- [WHAT YOU ARE ASKED TO DO]:
Please retype the records below exactly, from the first line through the line containing "Отзывы клиентов о", and leave out any pictures.
....
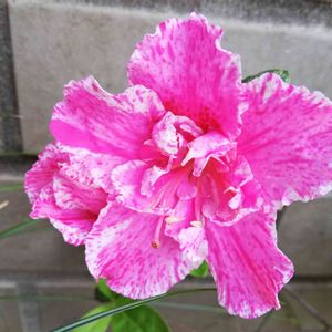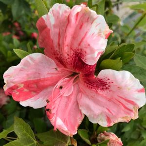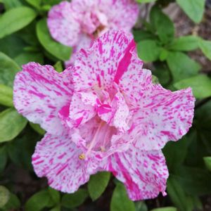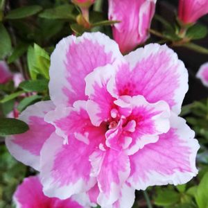 アザレアのピンク地に白縁どりのある花 2023-04-03
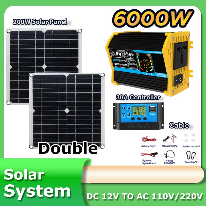 Kit panneau solaire 6000w 220v, plaque complète, prise domestique 400w, panneau solaire avec ...
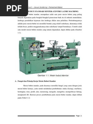 2 1. Jenis Mesin bubut berdasarkan ukurnnya secara garis besar dibedakan menjadi: - PDF Free Download
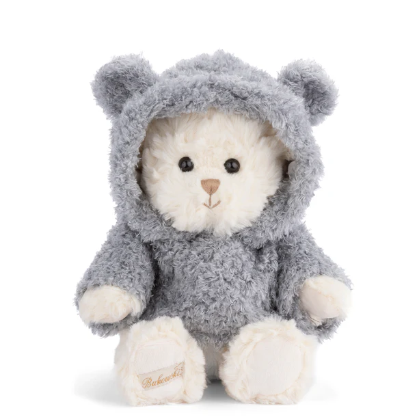 Meet Lucas, a soft-hearted friend wrapped in a cloud‑like grey hoodie with tiny bear ears. His creamy, velvety face and embroidered features give him a sweet, timeless expression — perfect for cuddles, naps, and quiet moments. Lovingly handcrafted with Bukowski’s heirloom-quality plush, Lucas is wonderfully squeezable and built to be a comforting companion for years to come.
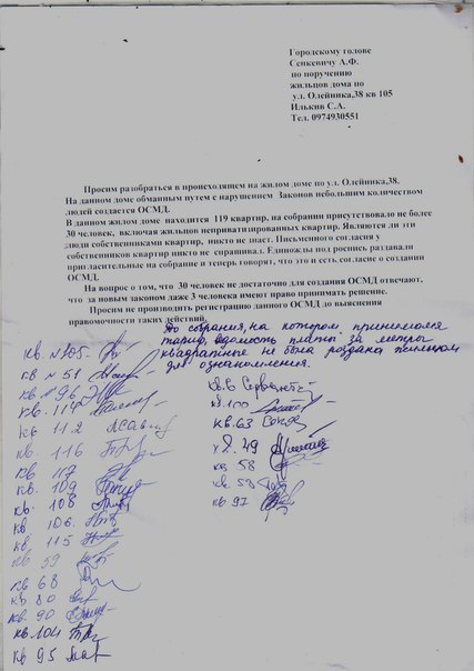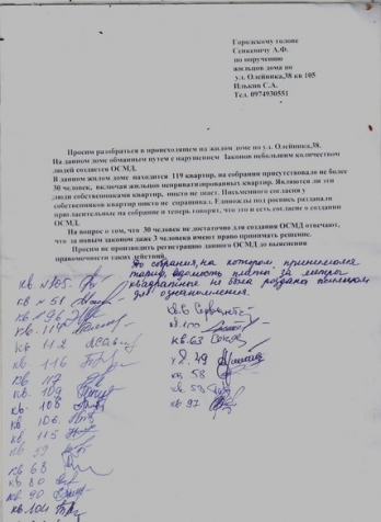 В тексте обращения говорится, что в доме создается ОСМД без уведомления большинства жильцов. На первом собрании по случаю создания объединения присутствовало 30 человек, хотя в доме 119 квартир.
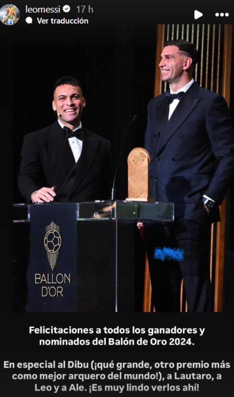 ““Felicitaciones a todos los ganadores y nominados del Balón de Oro 2024. En especial al Dibu (¡qué grande, otro premio más como mejor arquero del mundo), a Lautaro, a Leo y a Ale. ¡Es muy lindo verlos ahí!”, escribió Messi en una historia de instragram, con una fotografía del ‘Dibu’ y Lautaro.
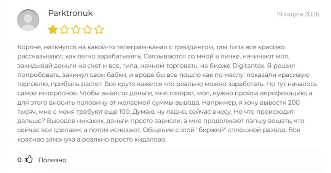 Отзывы клиентов о криптовалютной площадке DIGITANTEX
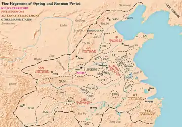Después de mover la capital hacia el este, la familia real de Zhou cayó en un estado de declive. Además, la popularidad del rey Ping disminuyó debido a los rumores de que había matado a su padre. Con los vasallos haciéndose cada vez más poderosos, fortaleciendo su posición al derrotar a otros estados rivales e incrementando la invasión de los países vecinos, el rey de Zhou no pudo dominar el país. Constantemente, tendría que recurrir a los poderosos vasallos en busca de ayuda. Los vasallos más importantes (conocidos más tarde como los doce vasallos) se reunían en conferencias regulares donde decidían asuntos importantes, como expediciones militares contra invasores extranjeros o contra nobles ofensores. Durante estas conferencias, un gobernante vasallo a veces era declarado hegemon. El canciller Guan Zhong de Qi inició una política de "reverenciar al rey, expulsar a los bárbaros" (chino: 尊王攘夷, ver Sonnō jōi). Adoptando y adhiriéndose a él, el duque Huan de Qi reunió a los vasallos para derribar la amenaza de los bárbaros del país. Durante el Período de los Reinos Combatientes, muchos de los líderes de los vasallos que clamaban por la realeza limitaron aún más la influencia de la familia real Zhou.[4][5]
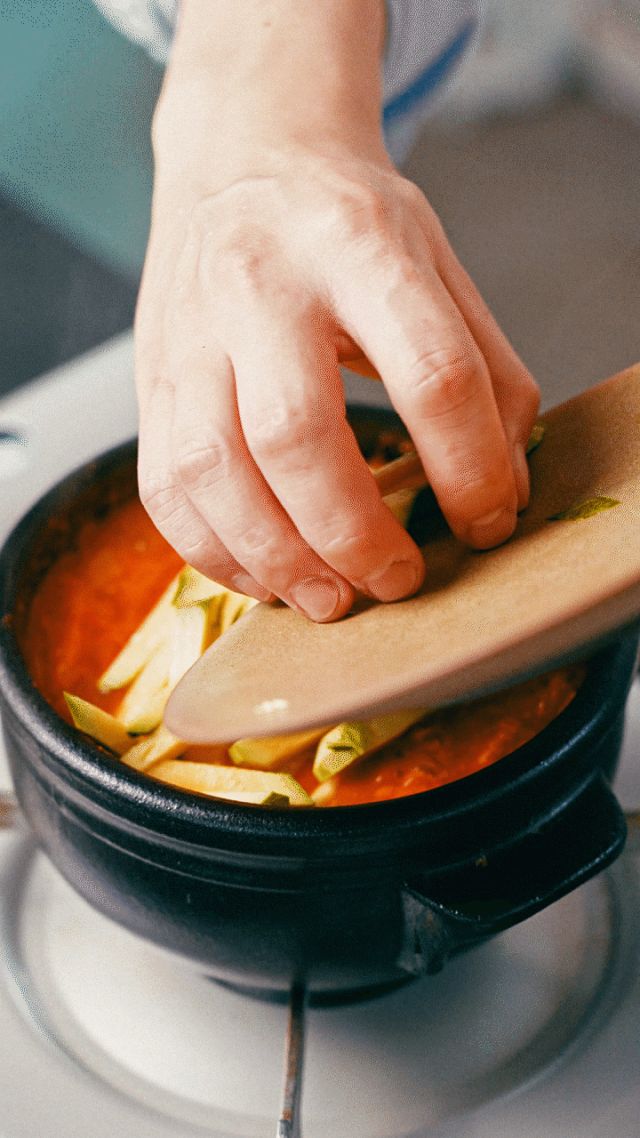 4. 찌개가 끓기 시작하면 양파와 감자, 애호박을 넣고 함께
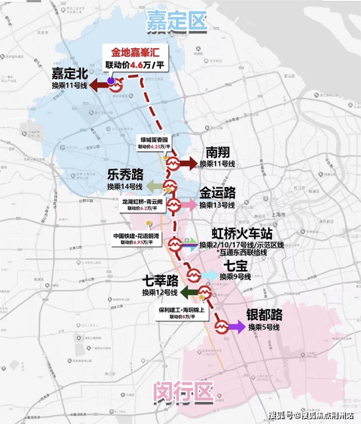 直线距离约200米嘉闵线(在建),8站直达大虹桥,连接七宝、莘庄等多个CBD,不论是上下班、聚会、商务出差等都十分便捷。另外值得一提的是沿线新盘均价均在6-8万区间,其中约350万总价的潜力盘或许只有金地嘉峯汇!
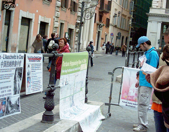 【明慧网2006年4月25日】2006年3月以来,多位证人揭露在中共劳教所和监狱里发生的对法轮功学员活体器官摘除以牟取暴利的兽行后,罗马法轮功学员持续在意大利总理府前和罗马市中心的帝国大道揭露中共的罪恶,呼吁意大利政府和国际社会关注此事,并帮助制止中共的暴行。此外学员们还打出横幅,声援千万民众退出中共。
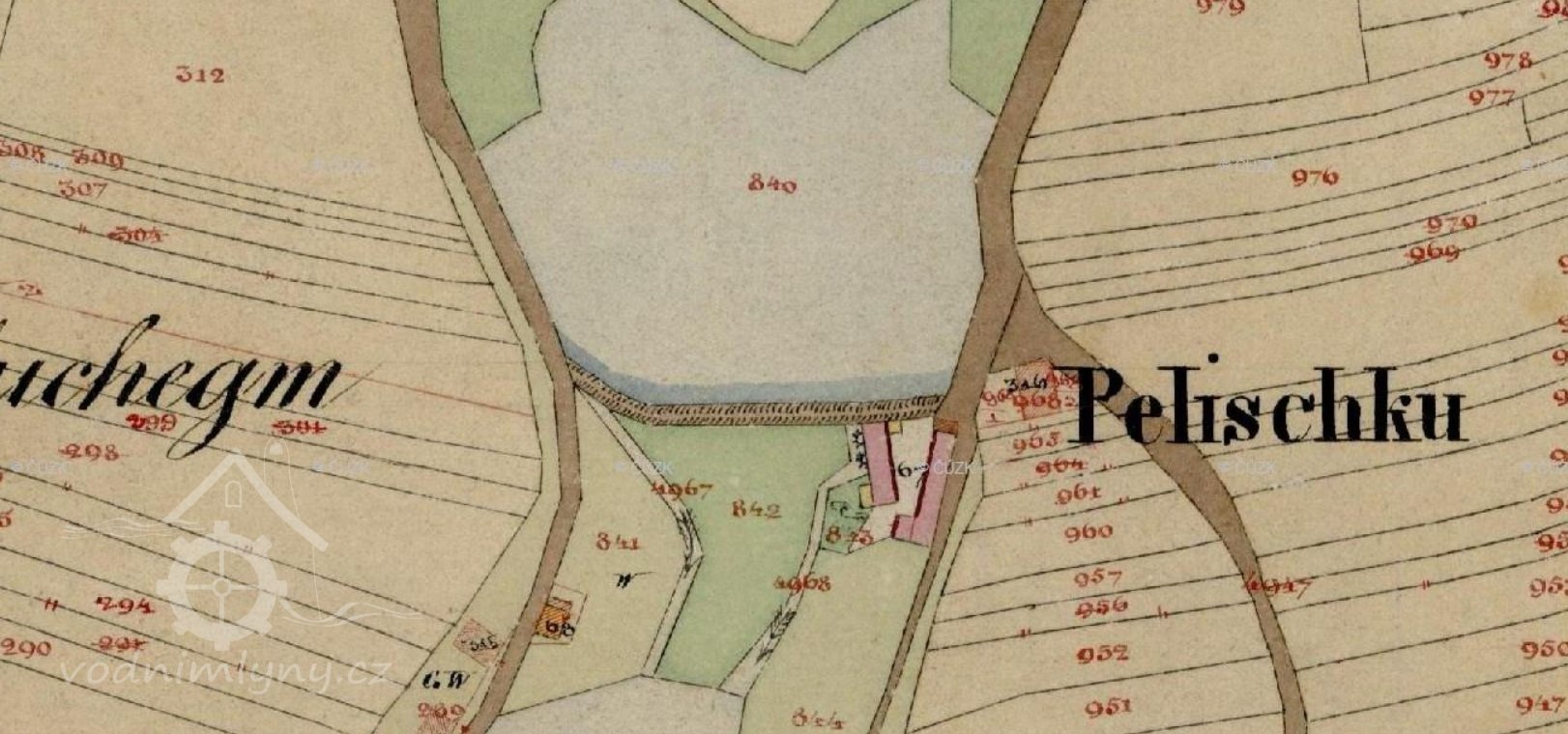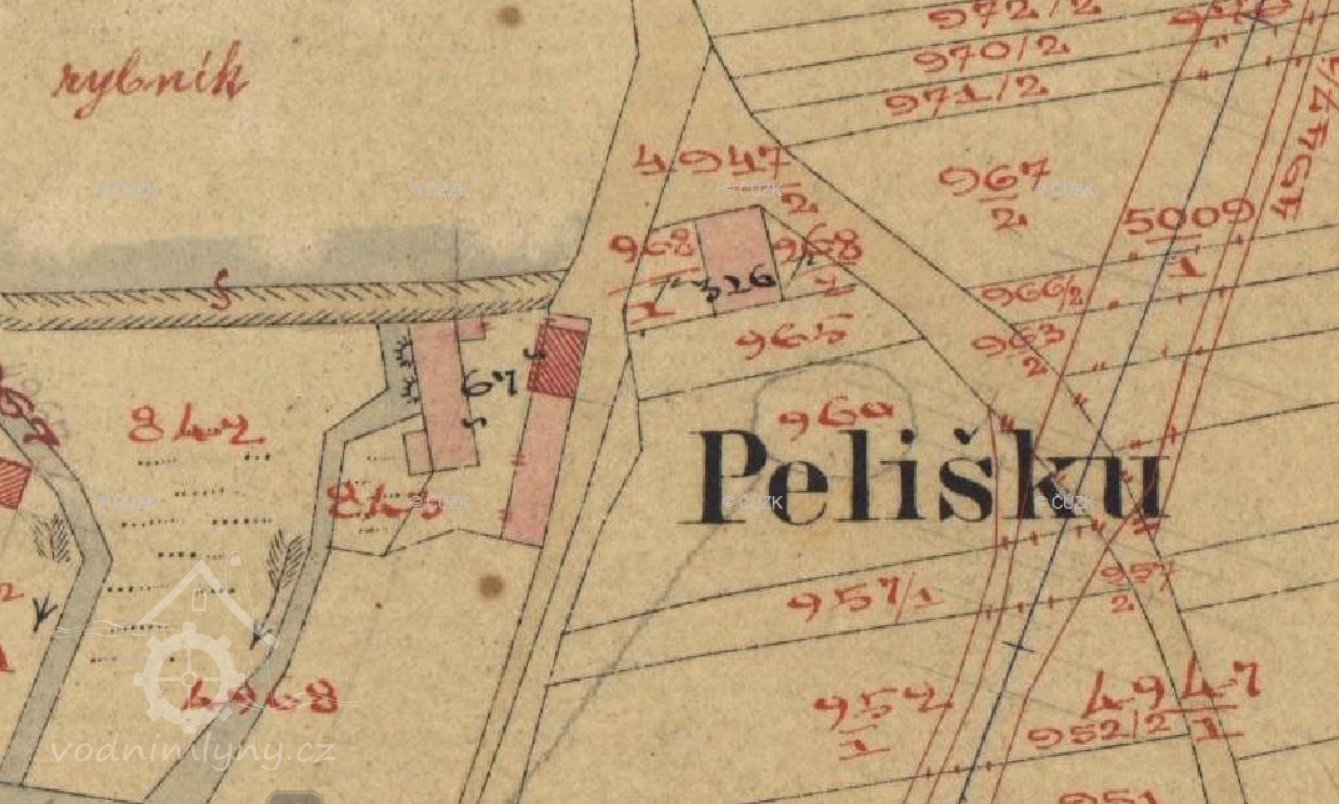 Z rybníka se voda pouštěla stavidlem a dřevěnými vantroky na vodní kolo, po vykonání práce odtékala voda otevřenou struhou do vodoteče, do rybníka nad dalším mlýnem. -- D.V.
....
- [REPLY TO THE TASK]:
 アザレアのピンク地に白縁どりのある花 2023-04-03
 Kit panneau solaire 6000w 220v, plaque complète, prise domestique 400w, panneau solaire avec ...
 2 1. Jenis Mesin bubut berdasarkan ukurnnya secara garis besar dibedakan menjadi: - PDF Free Download
 Meet Lucas, a soft-hearted friend wrapped in a cloud‑like grey hoodie with tiny bear ears. His creamy, velvety face and embroidered features give him a sweet, timeless expression — perfect for cuddles, naps, and quiet moments. Lovingly handcrafted with Bukowski’s heirloom-quality plush, Lucas is wonderfully squeezable and built to be a comforting companion for years to come.
 В тексте обращения говорится, что в доме создается ОСМД без уведомления большинства жильцов. На первом собрании по случаю создания объединения присутствовало 30 человек, хотя в доме 119 квартир.
 ““Felicitaciones a todos los ganadores y nominados del Balón de Oro 2024. En especial al Dibu (¡qué grande, otro premio más como mejor arquero del mundo), a Lautaro, a Leo y a Ale. ¡Es muy lindo verlos ahí!”, escribió Messi en una historia de instragram, con una fotografía del ‘Dibu’ y Lautaro.
 Отзывы клиентов о криптовалютной площадке DIGITANTEX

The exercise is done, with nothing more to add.